[Items from a data source]
● ● ● ● ● ● ●

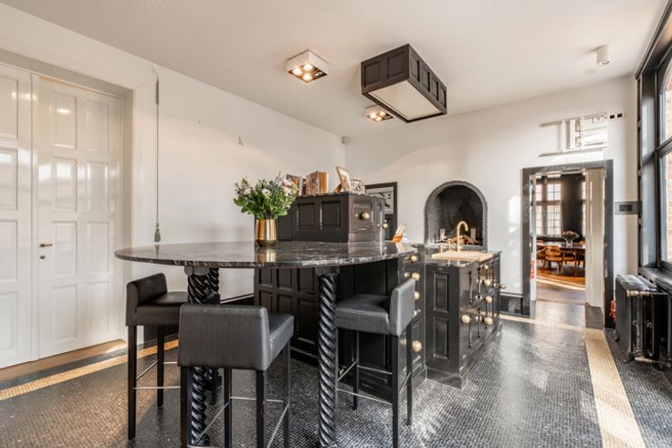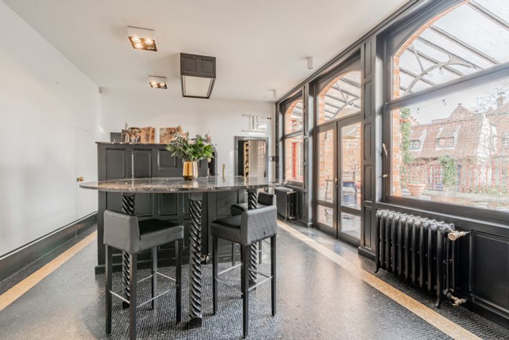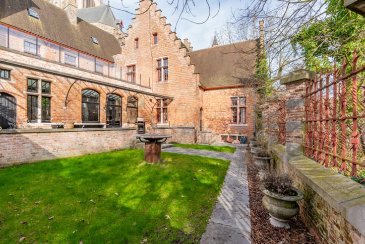 Op één van de mooiste plaatsen in de historische binnenstad van Brugge treft men dit unieke herenhuis met trapgevel, uiterst rustig gelegen vlakbij het bruisende centrum. De voormalige pastoriewoning naar de hand van beroemde Brugse architect Viérin geniet van 2 terrassen en een tuin palend aan het Brugse water, werd gebouwd in 1911, volledig gerenoveerd in 2014 met een onvoorstelbaar hoogwaardige afwerking en met behoud van de authenticiteit, onder leiding van Jean-Philippe Demeyer (JPDEMEYER&CO). De royale inkomhal is voorzien van een gastentoilet, vestiaire, bergruimte en praktische fietsenberging. Bureel, volledig ingerichte keuken voorzien van een koelcel alsook een praktische bijkeuken, een eetplaats en salon, beiden voorzien van een gashaard en met zicht op het water. Via de keuken heeft men toegang tot het prachtig terras en de zonovergoten, romantische tuin. Het eerste verdiep is voorzien van prachtige dressing en 2 ruime slaapkamers met elk een eigen luxueuze badkamer. Zowel via de ene slaapkamer als via de dressing heeft men toegang tot het dakterras met een prachtig uitzicht. Het tweede verdiep is voorzien van een 3de en 4de slaapkamer, ook elk met een eigen douchekamer, een afzonderlijk toilet en een technische ruimte. Tot slot werd deze parel onderkelderd met een leuke bar voorzien van een open haard en polyvalente ruimte met douche, die perfect als fitness benut kan worden. Er is een rechtstreekse toegang van de kelder naar de tuin via een buitentrap.
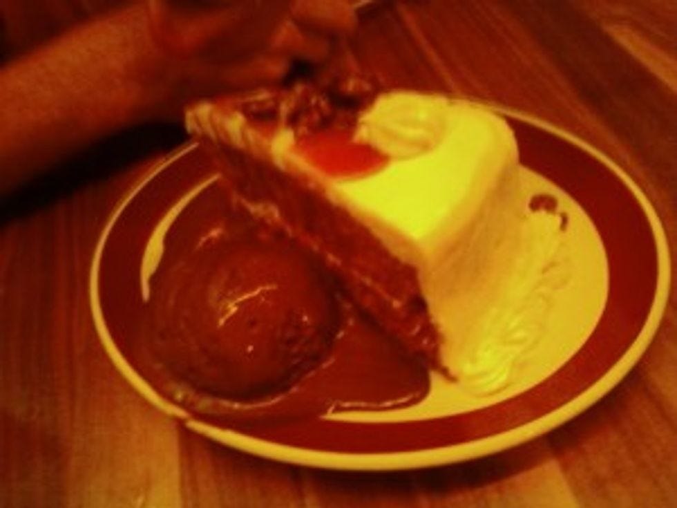The dessert doesn’t have bacon in it either, but we can live with that only because it's damn good. Carrot cake with fresh chocolate ice cream. Yum. Red velvet cake so good you arteries will clog while you're eating it. It does not get better than this.
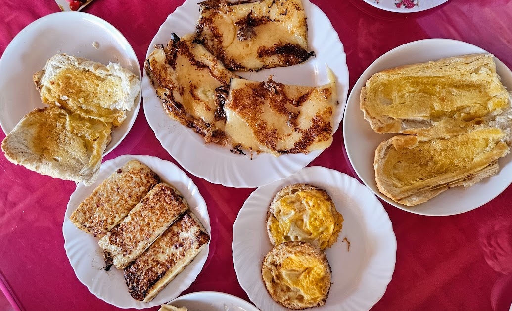 Café da manhã com pão na chapa, ovo queijos manteiga e coalho
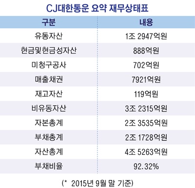 금융감독원 전자공시에 따르면 지난해 9월 말 현재 CJ대한통운이 보유하고 있는 현금 및 현금성자산은 888억원에 불과한 것으로 나타났다.
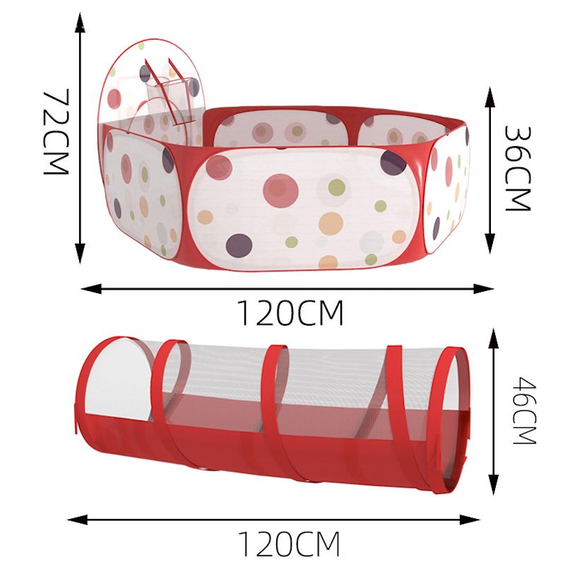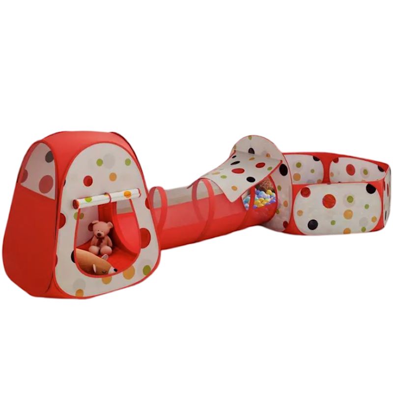 Шаторот за играње со тунел е идеално катче за игра, креирано да ги поттикне креативноста и физичката активност кај децата. Со својата цврста конструкција, леснотијата на поставување и практичноста на користење, овој сет е совршен за секој дом, двор или јавен простор. Тој ќе стане омилено место за вашите деца, каде што ќе можат да играат, истражуваат и уживаат во своите фантазии.
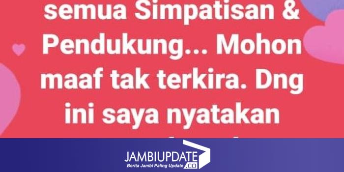 JAMBIUPDATE.CO, MUARA BUNGO - Ridwan Ibrahim menyatakan mundur dari Pemilihan Bupati Bungo. Hal ini disampaikannya melalui akun media sosial facebook miliknya, Senin (27/1) dini hari.
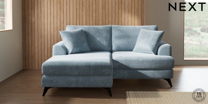 7.2.10 Buy Parker Compact Sofa Chaise - Universal Plush Chenille Light Blue High Metal - Black from the Seasons online shop Click here to use our website with more accessibility support, for example screen readers
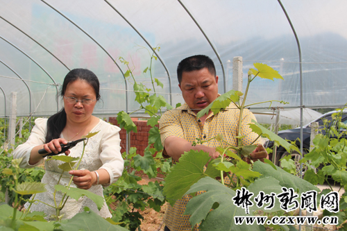 在寨前镇富竹生态蔬菜专业合作社的蔬果基地里,一行行整齐的红提树挂满了红提,黄文斌与妻子在修剪树的枝叶。
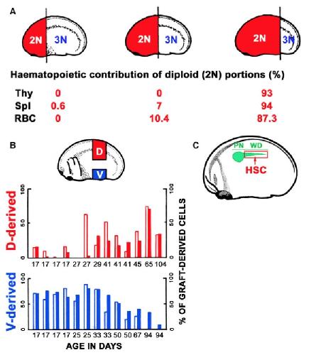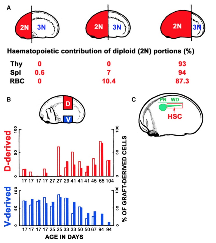 Spl, splenic blood; RBC, red blood cells. Data after Maeno et al. [27]. (B) Dorsal, not ventral, tissues within the trunk give rise to adult blood. Diploid tissues were grafted into triploid recipients and their contribution to thymocytes (open bars) and red blood cells (closed bars) were
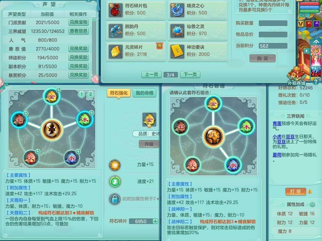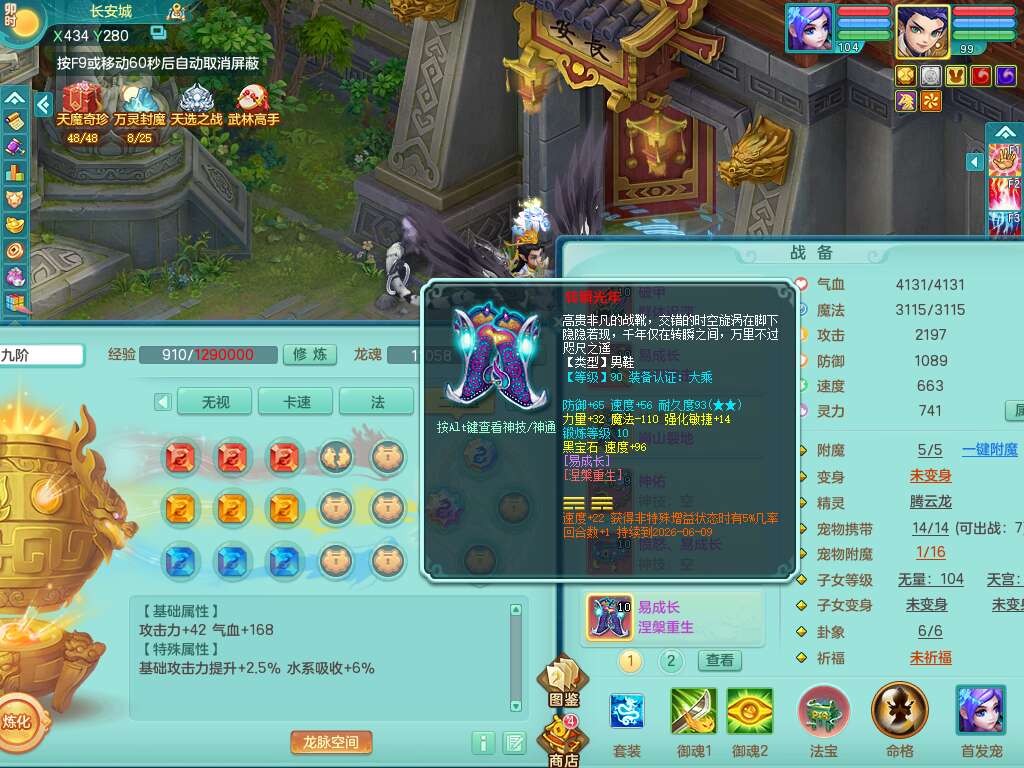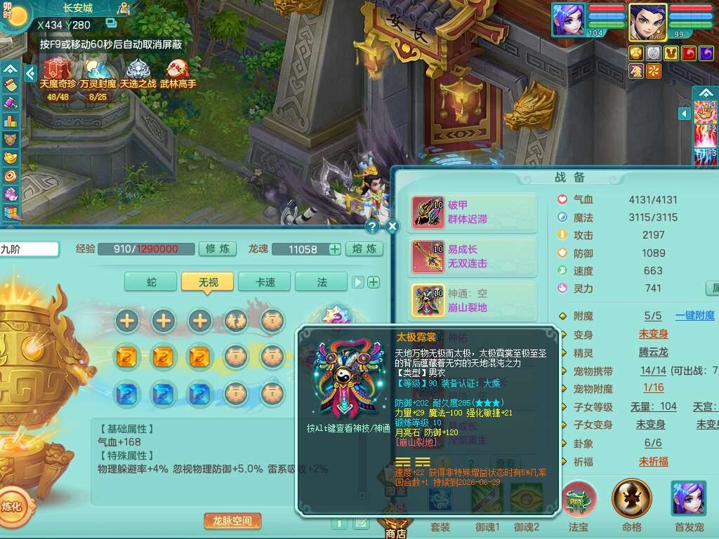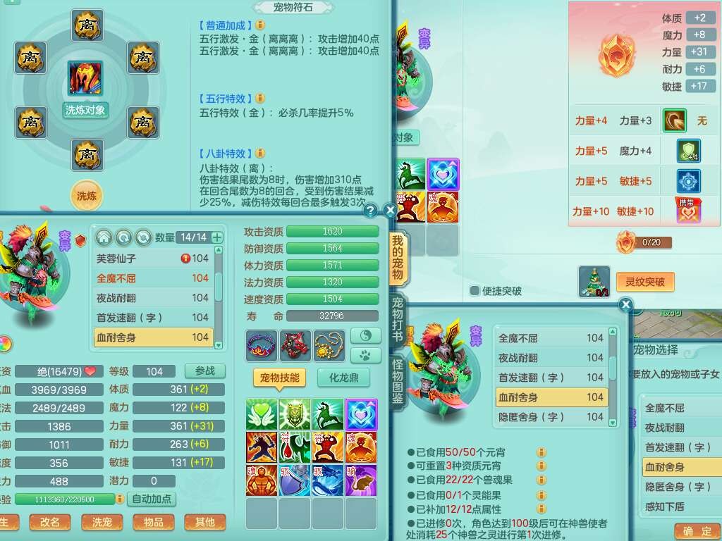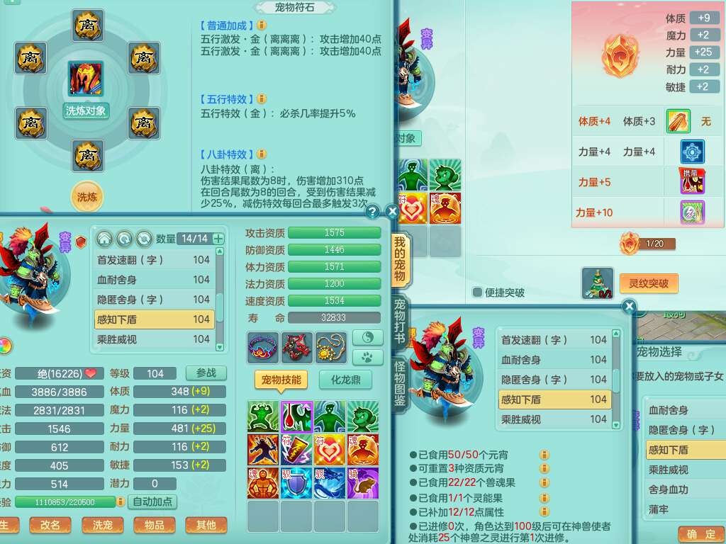 S22167今年勇99男力天宫,1龙无内,2内胆神,1破镜,【11只觉醒,已潜龙】,破甲群体迟滞头,556易成长破血单加33武器,崩山单加衣服,神佑单加35链子,愤怒易腰带,易成长慈航单加32鞋子,160易成长单加链子,崩山单加32鞋子,2.5基础鼎,7个纯六字,5个5字,20只满果子,背包49神兽内丹碎片,宠排在榜,双人坐骑,月卡还有85天。

● ● ● ● ● ● ●

• _Task goal_
All lines from the one holding "在寨前镇富竹生态蔬菜专业合作" through the last line of the entries, and nothing else, are to be output exactly; leave out the pictures.

• _Output for this task_
 在寨前镇富竹生态蔬菜专业合作社的蔬果基地里,一行行整齐的红提树挂满了红提,黄文斌与妻子在修剪树的枝叶。
 Spl, splenic blood; RBC, red blood cells. Data after Maeno et al. [27]. (B) Dorsal, not ventral, tissues within the trunk give rise to adult blood. Diploid tissues were grafted into triploid recipients and their contribution to thymocytes (open bars) and red blood cells (closed bars) were
 S22167今年勇99男力天宫,1龙无内,2内胆神,1破镜,【11只觉醒,已潜龙】,破甲群体迟滞头,556易成长破血单加33武器,崩山单加衣服,神佑单加35链子,愤怒易腰带,易成长慈航单加32鞋子,160易成长单加链子,崩山单加32鞋子,2.5基础鼎,7个纯六字,5个5字,20只满果子,背包49神兽内丹碎片,宠排在榜,双人坐骑,月卡还有85天。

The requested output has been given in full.